Khoonsari PE, Häggmark A, Lönnberg M, Mikus M, Kilander L, Lannfelt L, Bergquist J, Ingelsson M, Nilsson P, Kultima K, Shevchenko G.. Analysis of the Cerebrospinal Fluid Proteome in Alzheimers Disease.
PLoS One. (2016). DOI: 10.1371/journal.pone.0150672

Abstract

Alzheimers disease is a neurodegenerative disorder accounting for more than 50% of cases of dementia. Diagnosis of Alzheimers disease relies on cognitive tests and analysis of amyloid beta, protein tau, and hyperphosphorylated tau in cerebrospinal fluid. Although these markers provide relatively high sensitivity and specificity for early disease detection, they are not suitable for monitor of disease progression. In the present study, we used label-free shotgun mass spectrometry to analyse the cerebrospinal fluid proteome of Alzheimers disease patients and non-demented controls to identify potential biomarkers for Alzheimers disease.
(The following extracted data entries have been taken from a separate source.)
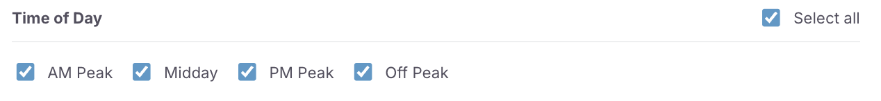 Examine data based on discrete time of day intervals. The available options are a default definition of time-of-day classification and a user-defined custom time of day classification.
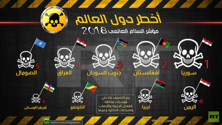 وحلت سوريا في المرتبة الأخيرة، وبالتالي هي “أخطر دولة في العالم”. (RT)
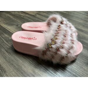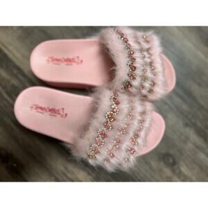 Jeffrey Campbell Edie Slide Sandal Pink Fur Jeweled Slip-On Slides Glam Cozy 8
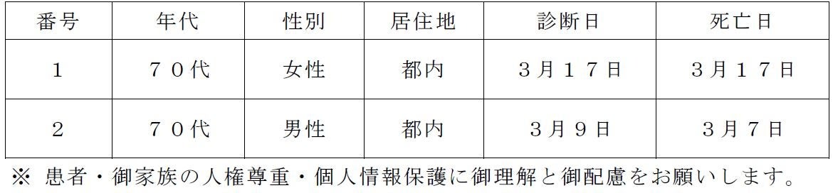 都内で新型コロナウイルスに感染した方が死亡されましたのでお知らせします。
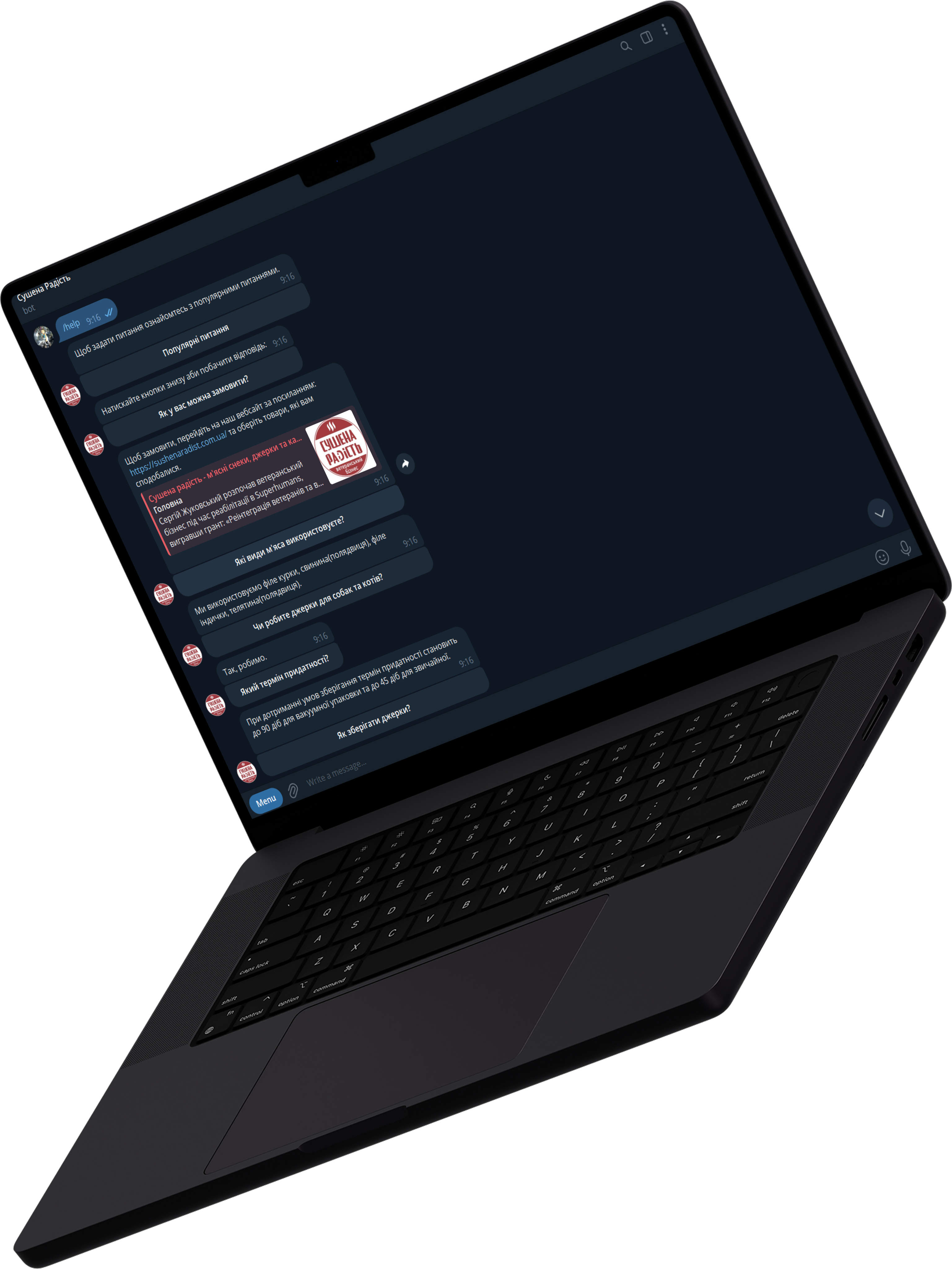 «Сушена Радість» — готовий пакет ботів для автоматизації бізнесу у Telegram. До складу входять:

We processed the data using five programs (DecyderMS, Maxquant, OpenMS, PEAKS, and Sieve) and compared their results by means of reproducibility and peptide identification, including three different normalization methods. After depletion of high abundant proteins we found that Alzheimers disease patients had lower fraction of low-abundance proteins in cerebrospinal fluid compared to healthy controls (p<0.05). Consequently, global normalization was found to be less accurate compared to using spiked-in chicken ovalbumin for normalization. In addition, we determined that Sieve and OpenMS resulted in the highest reproducibility and PEAKS was the programs with the highest identification performance. Finally, we successfully verified significantly lower levels (p<0.05) of eight proteins (A2GL, APOM, C1QB, C1QC, C1S, FBLN3, PTPRZ, and SEZ6) in Alzheimers disease compared to controls using an antibody-based detection method. These proteins are involved in different biological roles spanning from cell adhesion and migration, to regulation of the synapse and the immune system.